The Centenary Gentlemen and Ladies are composed of 20 teams representing Centenary College of Louisiana in intercollegiate athletics, including men and women's basketball, cross country, golf, soccer, and swimming. Men's sports include football, baseball and lacrosse. Women's sports include gymnastics, softball, and volleyball. The Gentlemen and Ladies compete in the NCAA Division III and are members of the Southern Collegiate Athletic Conference. Prior to 2011, Centenary was a member of the NCAA Division I, and competed in the Summit League.

Sports sponsored 

Centenary College sponsors nine men's and nine women's team in NCAA sanctioned sports.

Baseball

The Centenary Gentlemen baseball team represents Centenary College.
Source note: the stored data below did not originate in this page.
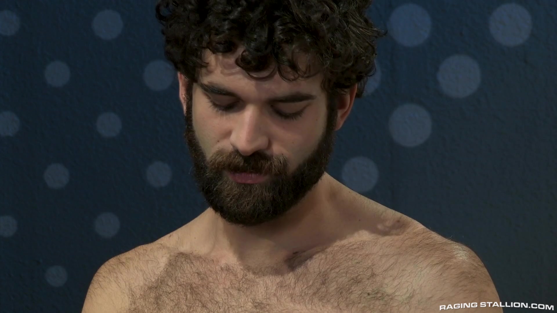 Tegan Zayne's hard cock is ready for action when he tells Spencer Whitman to 'get down there'. Spencer does as he's told and gets down in front of the hairy hunk with his mouth opened wide. Tegan grabs Spencer's head and fucks his face, commanding him to take it deeper and to suck his balls. 'Faster!' Tegan yells out, making sure the horny stud sucks it just the way he likes it. Tegan is hard as a rock and needs to feel Spencer down his throat. Spencer is happy to oblige Tegan's needs and sits back to offer up his giant cock and big hairy balls. Tegan is so cock-hungry that he can hardly contain himself as he slobbers and chokes on Spencer's fully erect pole. Tegan is like a sucking machine, taking it deep down his throat as ropes of spit trail down Spencer's thick shaft and drip off his sack and onto the floor. Spencer's fuzzy crotch is a slobbery mess of Tegan's cock sucking expertise and using Tegan's mess as lube, he jacks his rod until he drops his load in Tegan's thick, bushy beard. Tegan has done his job well and when he gets a taste of the hung stud's jizz, he stands up and gives himself permission to let loose. Tegan sprays a geyser, shooting up into the air and slathering Spencer's face with a massive pent-up load that the two eat up with a kiss.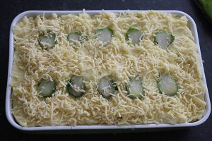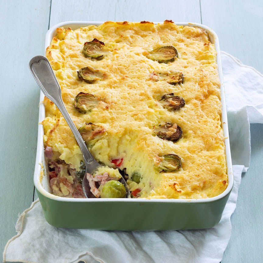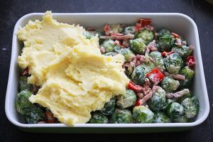 3. Dek af met de aardappelpuree. Snijd de overige spruitjes doormidden en verdeel over de bovenzijde van de ovenschotel. Bestrooi met kaas en zet de ovenschotel nog 20 minuten in de oven.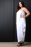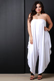 This casually chic jumpsuit features a jersey knit fabrication in a loose draping style, off the shoulder tube neckline, and oversized relaxing fit. Accessories sold separately. Made in U.S.A. 95% Rayon, 5% Spandex.

The school's team currently competes in the Southern Collegiate Athletic Conference, which is part of the NCAA Division III. The team plays home games at the Shehee Stadium.

Men's basketball

The Centenary Gentlemen basketball team represents Centenary College. The school's team currently competes in the Southern Collegiate Athletic Conference, which is part of the NCAA Division III. The team plays home games at the Gold Dome.

Women's basketball
The Centenary Ladies basketball team represents Centenary College. The school's team currently competes in the Southern Collegiate Athletic Conference, which is part of the NCAA Division III. The team plays home games at the Gold Dome.

Gymnastics
Gymnastics competes in Division I as a member of the Midwest Independent Conference.

Football

Centenary College of Louisiana had previously fielded a football team from 1909 to 1941. On November 10, 2021, the college announced that it would be reviving its football team starting in Fall 2024.